Blocksize benchmarks

Btrfs now supports a range of blocksizes for btree metadata, including blocks larger than the page size. This is done by extending the extent mapping page cache code with a simple API for reading and writing buffers of arbitrary size. Unless the file is packed into the btree, file data is written into an separate extent, which is allocated in 4K units.

The buffers have a simple API for reading and writing into them and they are backed by the traditional page cache. Every access of filesystem metadata needs to go through the API, which did require large changes to Btrfs. The current patches allow separate sizes for btree leaves and nodes, but so far I haven't benchmarked all the possible variations.

The Btrfs changes are not yet stable and they are large disk format change, but they are available in a separate HG branch:

Kernel module HG tree
Progs HG tree

The first round of benchmarking shows that larger block sizes do consume more CPU, especially in metadata intensive workloads, but overall read speeds are much better. For starters, I've done compilebench --makej tests across 4k, 8k, 16k and 32k blocksizes.

Compilebench simulates the files read and written by creating, compiling, reading and deleting kernel trees. The compile phase just creates files with the same sizes and names as the real .o files, but it does so in random order (simulating files created by make -j).

If a given file fits in the Btrfs leaf and is less than 8K, the current patches pack it into the btree instead of allocating data blocks for it on disk. Btrfs has 148 bytes of header in the leaf, and so the largest packed file is the leafsize minus 148. The 16K limit was an arbitrary choice.

Operation 4096 8192 16384 65536 Ext3 Graph
Create Trees 34.26 MB/s 34.36 MB/s 31.69 MB/s 31.49 MB/s 21.52 MB/s IO
Compiling Trees 28.73 MB/s 29.70 MB/s 32.09 MB/s 30.90 MB/s 20.44 MB/s IO
Read Trees 10.30 MB/s 12.01 MB/s 12.74 MB/s 11.95 MB/s 17.22 MB/s IO
Delete Trees 14.87s 13.94s 12.26s 12.06s 23.86s IO

After some tuning for CPU usage, block sizes larger than 4K win each phase of this benchmark. Ext3 still wins the read phase however.

Very few of the .o files during the compile phase are packed into the tree. The larger leaves are faster there because the IO is more efficient in general, and because reading metadata back in to create the .o files is faster.

The read phase and delete phase are generally faster as the leaf size increases. However, the operations on large directories clearly show some CPU usage problem during deletes on large leaves. Zach Brown has some code to delay shifting leaf data during deletes, hopefully this will help once it is integrated.
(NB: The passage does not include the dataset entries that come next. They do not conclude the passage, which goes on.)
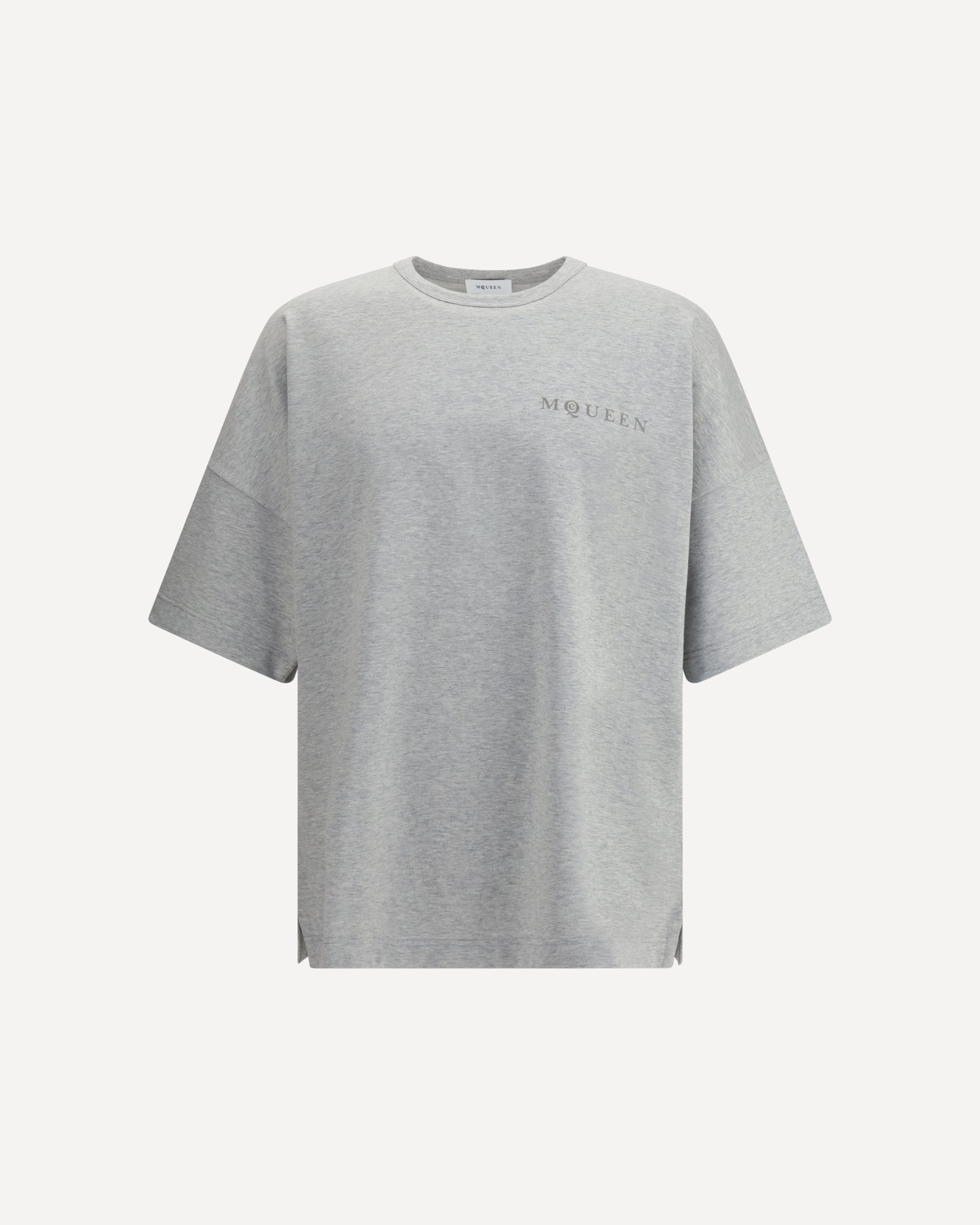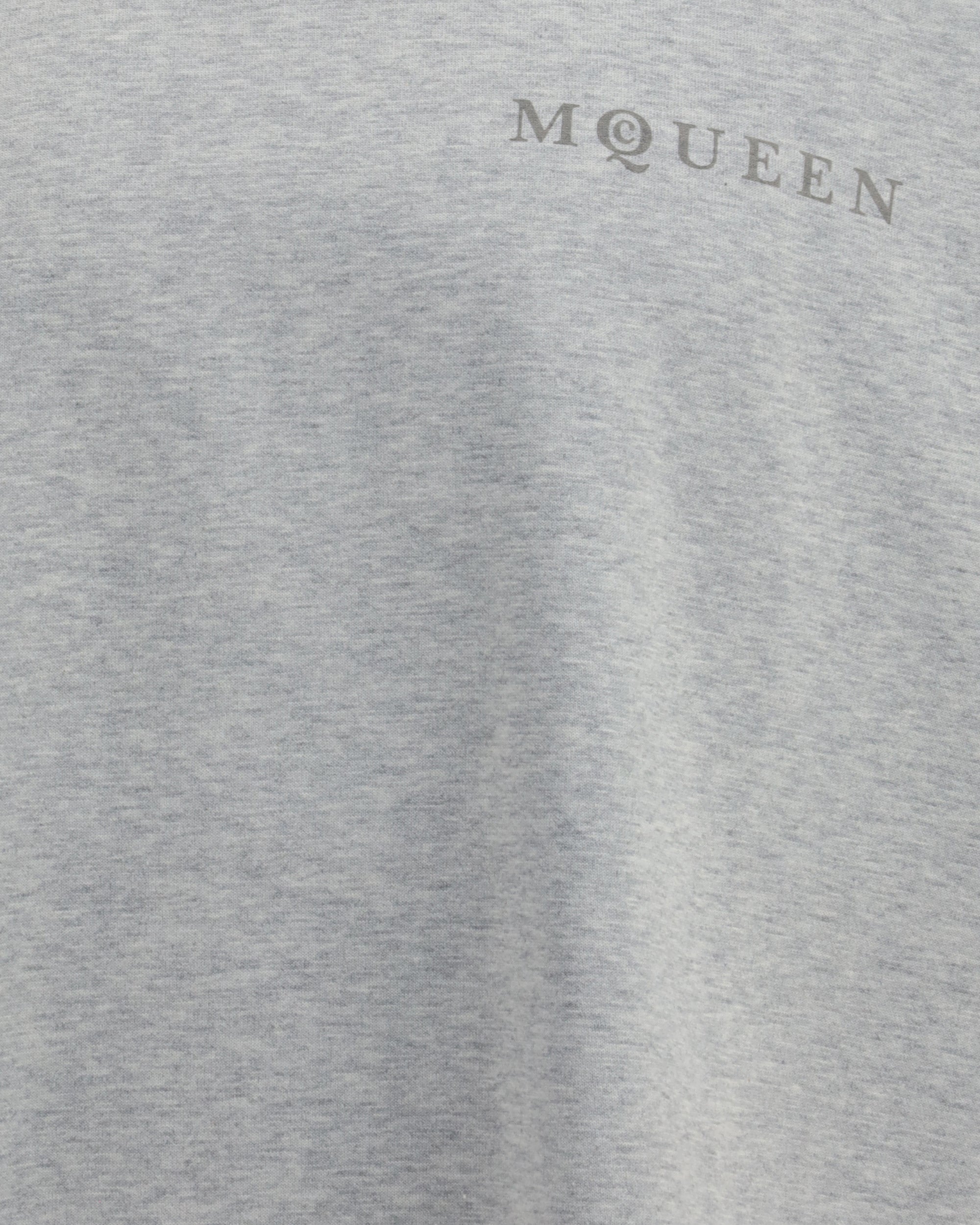 Alexander McQueen's grey mélange T-Shirt is an essential and contemporary design. The ribbed crew neck ensures optimal comfort, while the brand's signature is printed on both the front and back, adding a distinctive and instantly recognizable touch. Perfect for those seeking a balance between casual and luxurious style, this T-shirt is a statement of minimalist elegance.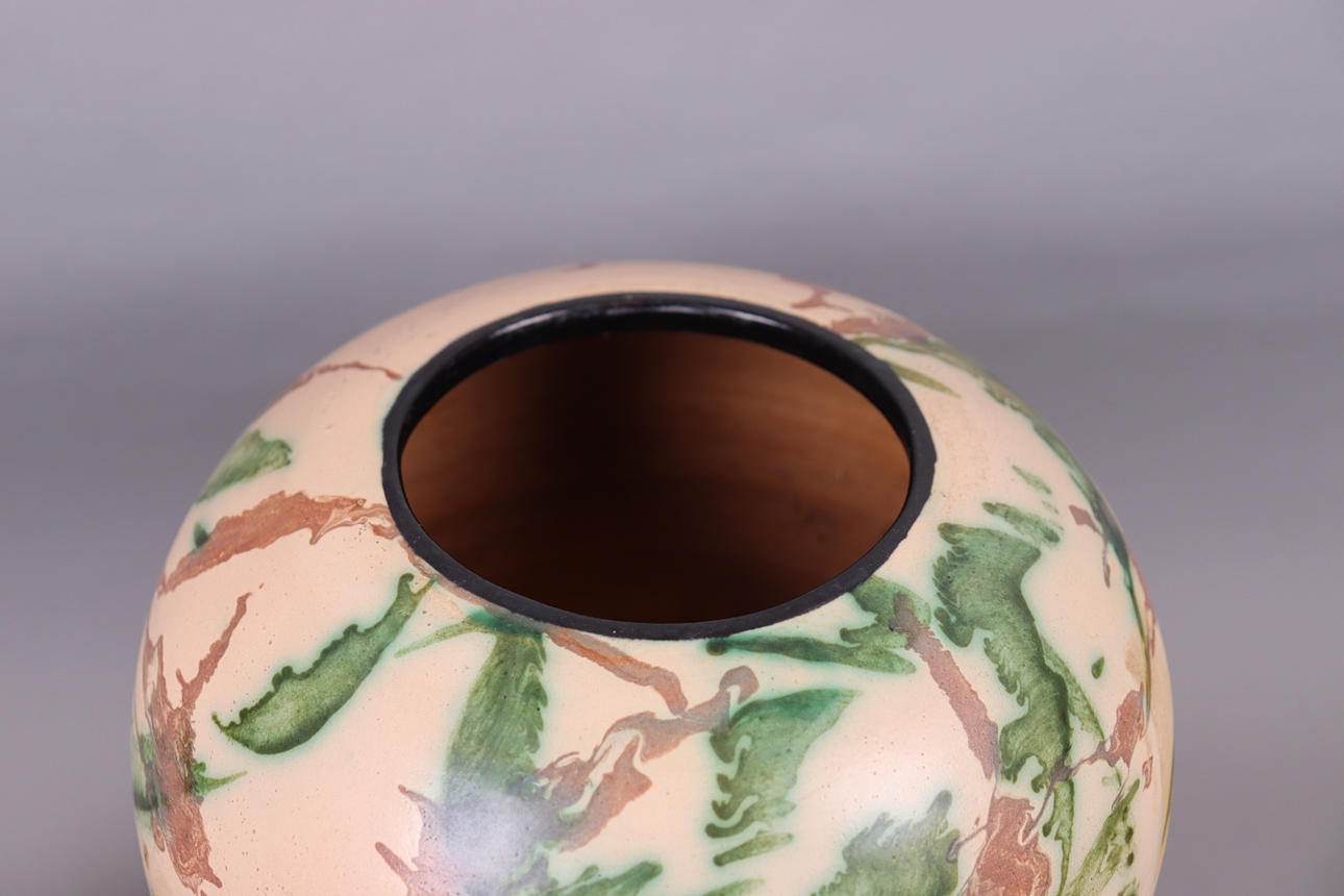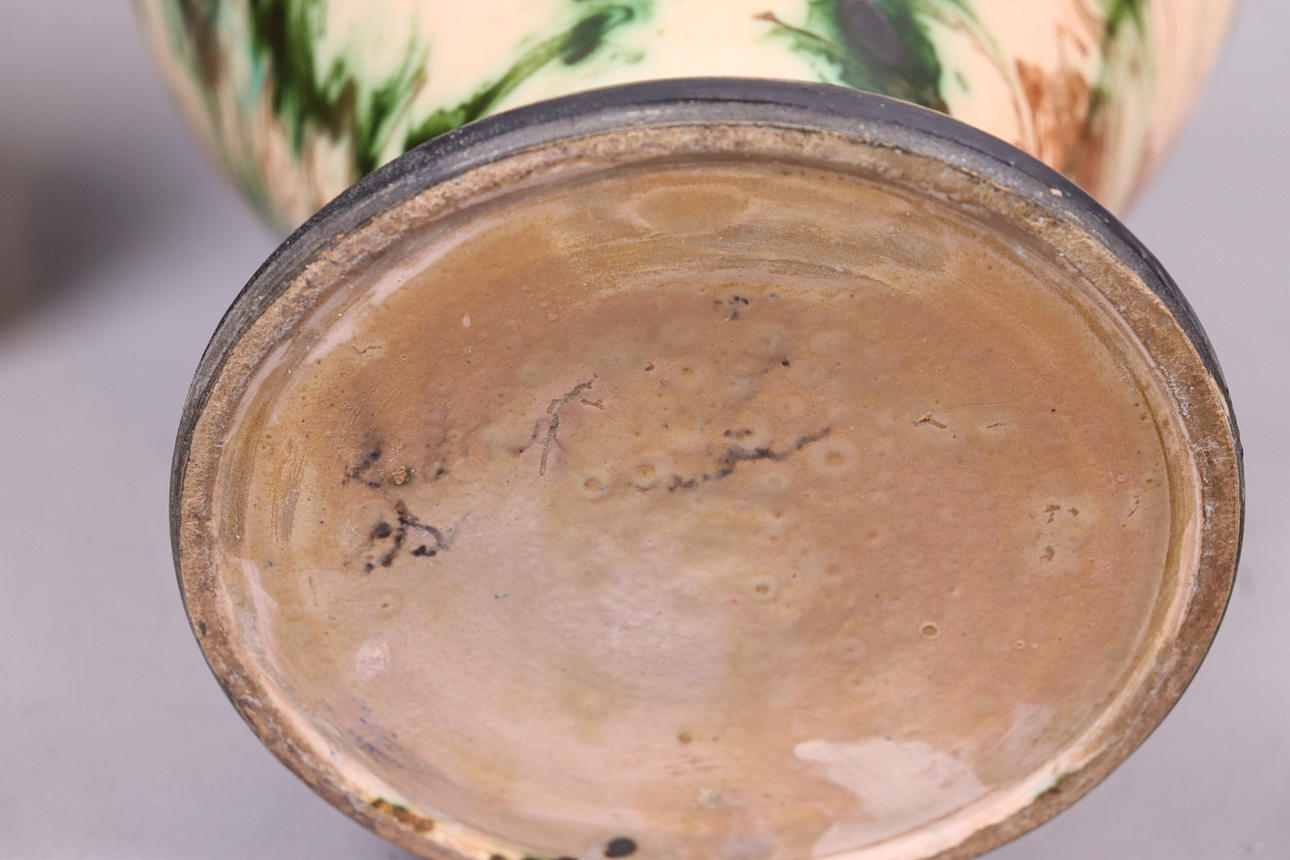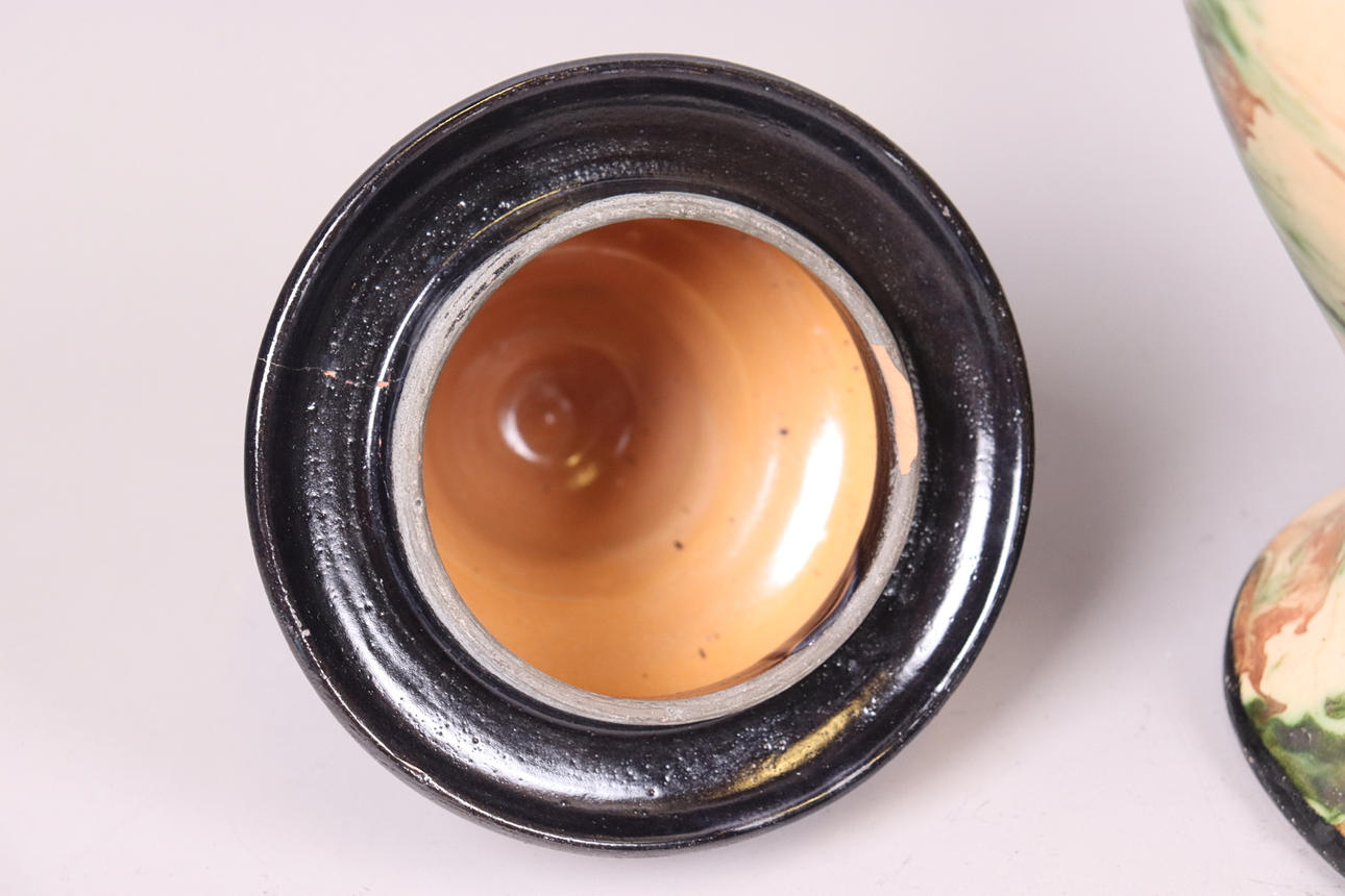 Normal wear and tear, damage to the top (originally a bird crowned the urn), crack in the lid.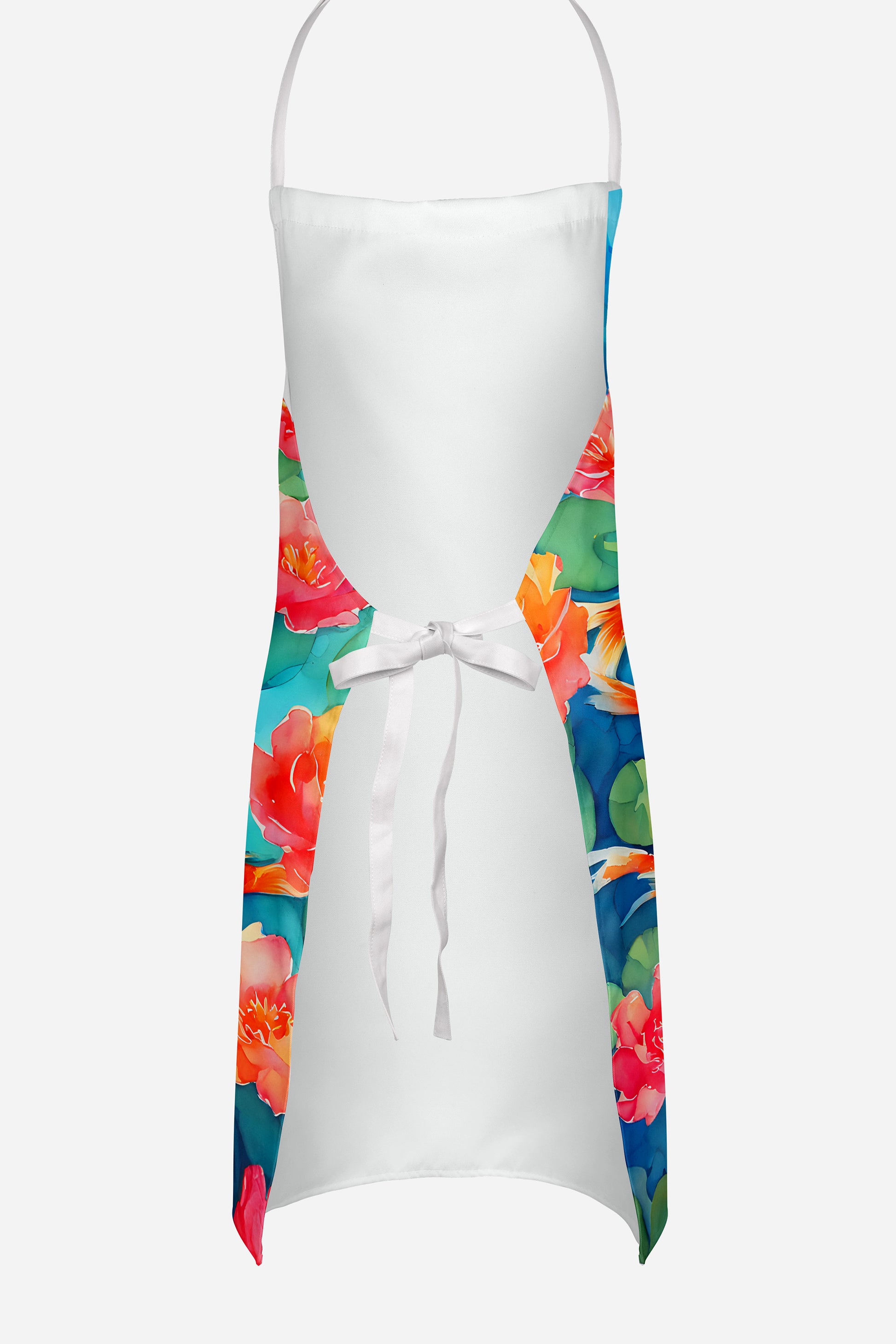 Apron featuring breed specific Koi Fish artwork. Elevate your cooking, baking, and grilling experiences with our versatile Kitchen or BBQ Apron. This Bib Style apron isn't just limited to culinary activities - it also serves as an excellent baking apron, artist apron, server apron, gardening apron, or even a dog grooming apron. The apron showcases vibrant full-color artwork contributed by one of our talented artists, bringing a dash of style to your daily tasks. With dimensions of approximately 27"W x 30"H, it provides ample coverage to protect your clothing from spills and splashes. Our apron is meticulously crafted from 100% Ultra Spun Polyester, known for its durability and lightweight nature. The apron comes with white tie straps, ensuring a comfortable and adjustable fit for all. It's a perfect choice for kitchen apron enthusiasts, whether you are a woman or a man. Designed for easy maintenance, this apron is fully machine washable. The quick-drying polyester material actively reduces staining, keeping your apron looking fresh and new for longer. Our beautifully designed apron isn't just a functional kitchen accessory - it's a fashion statement in the culinary world!

Operations on one million 512 byte files in one directory

Blocksize Create Read Delete
4096 153s (123s sys) 3m59s (1m40s sys) 5m7s (2m18s sys)
8192 145s (118s sys) 3m1s (1m30s sys) 4m7s (2m16s sys)
16384 156s (131s sys) 2m21s (1m8s sys) 4m5s (2m38s sys)
32768 189s (166s sys) 2m19s (1m1s sys) 6m2s (3m43s sys)
65536 265s (241s sys) 2m5s (1m4s sys) 8m1s (5m54s sys)
Graph IO IO IO

Operations on one million 16K files in one directory

Blocksize Create Read Delete
4096 480s (244s sys) 17m14s (3m11s sys) 4m31s (2m15s sys)
8192 459s (238s sys) 15m20s (3m8s sys) 4m28s (2m29s sys)
16384 470s (240s sys) 14m47s (3m8s sys) 5m2s (3m9s sys)
32768 521s (270s sys) 14m39s (3m16s sys) 7m7s (4m41s sys)
65536 663s (362s sys) 14m31s (3m27s sys) 11m22s (7m48s sys)
Graph IO IO IO

You can find compilebench here. Seekwatcher was used to create the graphs.